But yep the morning mcdonalds breakfast is what I used to do if I got there to early, literally two mins away.


----------



## SnakeBreeder (Mar 11, 2007)

bosshogg said:


> I'll be there  and Promise not to come showing all my new buys this time Snakebreeder :whistling2:
> 
> this is me
> image


:lol2: Look forward to seing you and the new aquasitions


----------



## bosshogg (Nov 19, 2006)

SnakeBreeder said:


> :lol2: Look forward to seing you and the new aquasitions


:lol2: we've already pre ordered three boas :whistling2:


----------



## jay67 (Jan 30, 2009)

This is my finger, to see the rest you'll have to look out for the table with the Albino Burmese.

Jay


----------



## stacy (May 9, 2009)

me my patner, brother and to friends off here are going and will be their at 10 as well: victory:


----------



## mispentyouth (Jul 4, 2007)

ill be there , just busy sharpening my elbows . I might get near a table this time:Na_Na_Na_Na:


----------



## AshMashMash (Oct 28, 2007)

Horsfield said:


> If you see the t-shirts run the other way lol haha





Liz_n_Mark said:


> message from liz she said Thats It


Not you lot again :whistling2:

I'll be there


----------



## linda.t (Sep 28, 2007)

not going this time :sad:


----------



## Tarn~Totty (May 4, 2009)

Yay!!! Cant wait!!! Its nearly here!!

Me, my other half and the kids are going...picking up some reserved leos and vivs...then having a look round to see what else I can creep round my other half to buy me :lol2:

Dunno what Im gunna be wearing....but I will have my long black boots on that can be used as ID, and I always wear my sunglasses (might melt in daylight without them hehe):lolsign:

Please say hello if you see me....didnt get to meet anyone really at the last one cause I didnt know who was who :blush: would be nice to put faces to the forum names : victory:


----------



## Graz (Dec 7, 2006)

Ima thurrr


----------



## snowyj99 (Feb 28, 2008)

Will be good to put some more faces to names!:2thumb:


----------



## dragon ranch (Dec 1, 2008)

Been and gone now, I jsut bought a few hides  Wanted the female Morrocan Uromastyx but someone beat me to it.


----------



## Tarn~Totty (May 4, 2009)

I saw some of you :lol2: you didnt see me though I dont think (cause im little and quiet lol)
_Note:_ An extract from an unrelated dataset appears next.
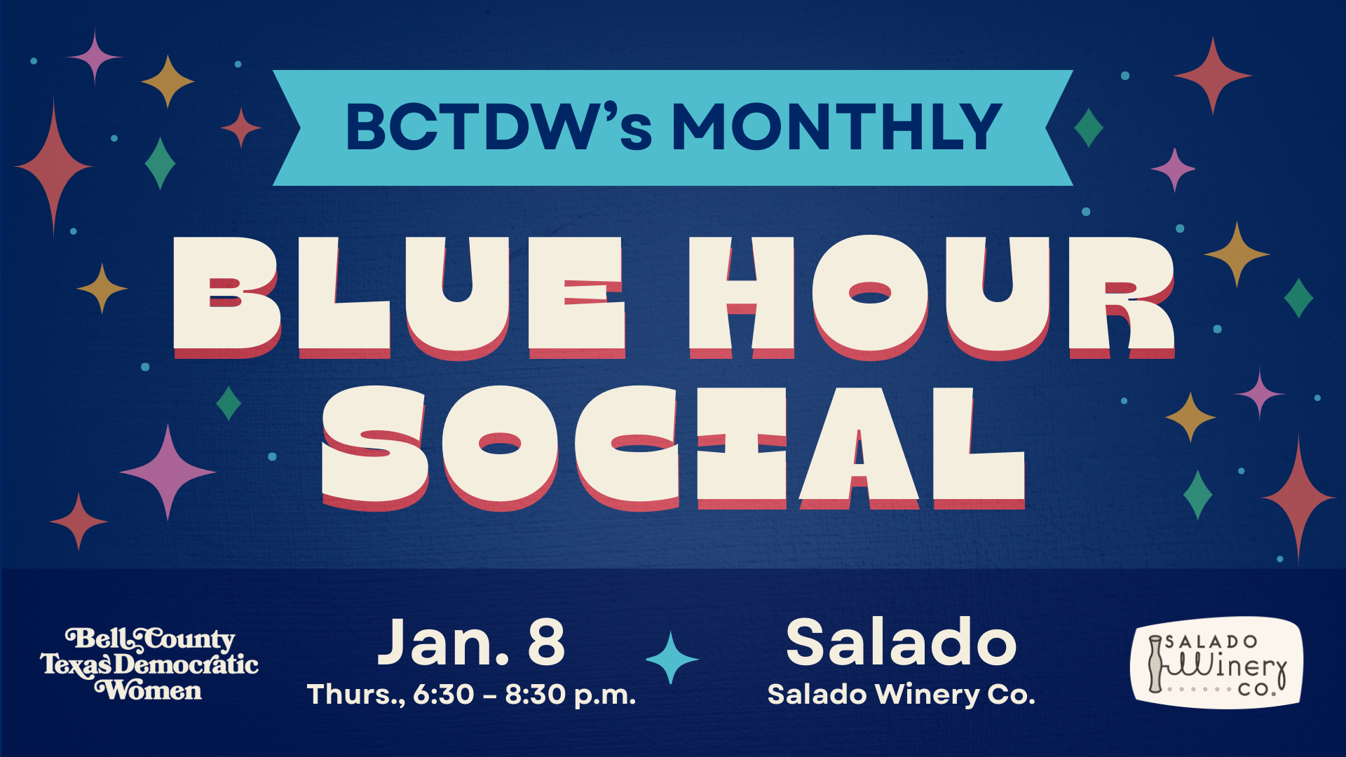Join BCTDW for our Blue Hour Social on Thursday, Jan. 8 at 6:30 p.m. in Salado at the Salado Winery Co. for a fun evening of casual conversation with like-minded folks (sometimes including a candidate or two)!

I saw ashbosh when I was in the queue and saw Graz walking round inside the show. Also met Nick and Carrie from Ark Reptiles,Bigfishseller and a really nice family who had been travelling from Glasgow since 4 am to get there :gasp:

Hope everyone got what they wanted : victory:


----------



## Graz (Dec 7, 2006)

Tarn~Totty said:


> I saw some of you :lol2: you didnt see me though I dont think (cause im little and quiet lol)
> 
> I saw ashbosh when I was in the queue and saw Graz walking round inside the show. Also met Nick and Carrie from Ark Reptiles,Bigfishseller and a really nice family who had been travelling from Glasgow since 4 am to get there :gasp:
> 
> Hope everyone got what they wanted : victory:


errm maybe, i was with a smallish girl and another guy
funnily enough i was in barnsley yestarday and checked out a small pet shop there in town


----------



## Tarn~Totty (May 4, 2009)

Yer, you were with a smallish lass when I saw you :2thumb:

Was the shop right in the bus station that you visited? Its the only one we have in the town itself :lol2:


----------



## Graz (Dec 7, 2006)

Tarn~Totty said:


> Yer, you were with a smallish lass when I saw you :2thumb:
> 
> Was the shop right in the bus station that you visited? Its the only one we have in the town itself :lol2:



indeed it was me!
yeh it was, most of the reptiles up top


----------



## steve_3125 (May 20, 2009)

This is me








I was wearing a Llanelli Scarlets Rugby top.

Steve


----------



## bigfishseller (Jul 15, 2008)

couldunt miss tarn totty what a sexy ars.


----------